#LockdownDiary – One of many – Day 68

#LockdownDiary – One of many – Day 68

Day 68

‘Developer, blix, stabilisier,’ I say a little uncertain as I pick up the bottles filled with chemicals. ‘Yes. Dark blue for dev, red for blix like its colour, and light blue for stab, the clearest liquid,’ I remind myself of the rational behind my choice of bottles when I mixed the chemicals. 
 
I carry them to the bathroom and slowly open the lid, my gestures slow to avoid any spillage. I rerun to the bedroom where I press play on an episode of Analogue Wonderland television, direct the sound to a Bluetooth speaker and begin developing film. First up is the roll I shot a few days earlier in my pinhole camera. 
 
I glance over at my notes for reassurance but really I know what to do. Fifth roll, I remind myself. Add more time
 
A headache is growing on the left side of my face as I pour chemicals and invert the developing tank. It has nothing to do with what I’m doing. I know this headache, it comes every month. First it creeps behind my left eye before descending to my jaw, settling there in a dull constant ache. I ignore it for now, hoping it will go. I know it won’t unless I take some paracetamol but each time I can’t help but take a gamble. 
 
Two hours later, I’m out of the bathroom, exposed rolls of films dangling from a string attached to the shower head and curtain rail. The pinhole roll worked out. There are images. They seem a bit underexposed but nothing I can’t fix while scanning the negatives. Still, it would be nice to get better exposure next time.

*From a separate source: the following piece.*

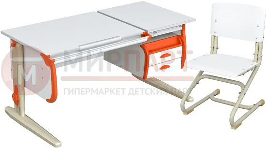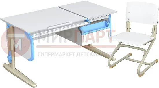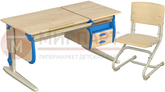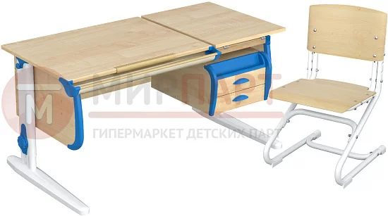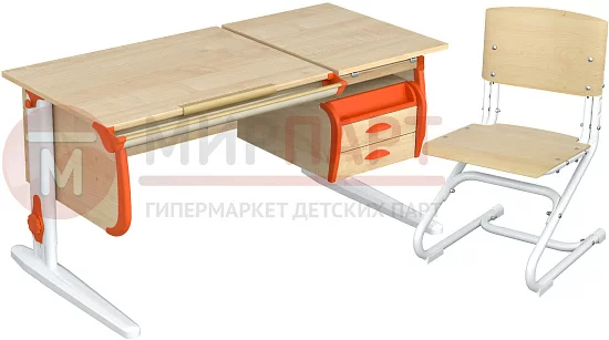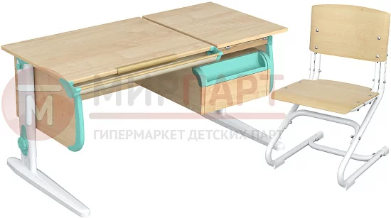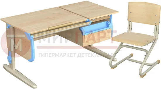 Парта станет отличным помощником, настоящим партнером в нелегком деле постижения множества наук. Комфорт и удобство обеспечат ребенку отличное рабочее настроение – ничего не будет отвлекать от занятий, ни ноющая спина, ни затекшие ноги, ни уставшие глаза. Кроме этого, парта СУТ 25-03 поможет школьнику разместить все необходимые вещи максимально удобно, чтобы все нужное было под рукой, а ненужное – не мешало. Раздельная столешница, подвесная тумбочка, удобный открытый пенал для канцелярских принадлежностей, которые постоянно куда-то укатываются – великолепный функционал!

Next to it are two rolls of 35mm films. One of them is filled with Christmas lights and decorations, the other of scenes from the countryside I do not recognise in the small frames in front of me. It’s been too long since I shot them. 
 
The headache is still here, the left side of my face throbbing persistently. I leave the negatives alone, grab the box of paracetamol in the study and swallow the painkiller. I sit on the sofa bed behind the desk and close my eyes, waiting for the pain to go. Helped by the dissolving chemicals of medicine, the headache goes away, hidden behind a numb protecting wall. 
 
Later, I stand in my local park, one I have come to know so well, and play badminton for a while. The dynamics of people have changed. Groups gather to play football or volleyball, young lovers wrap their arms around each other away from parents prying eyes, and I remain within my safety bubble. My partner and I, distanced from other people in the park, letting the shuttlecock fly between socially distant gulls desperate for human food discards.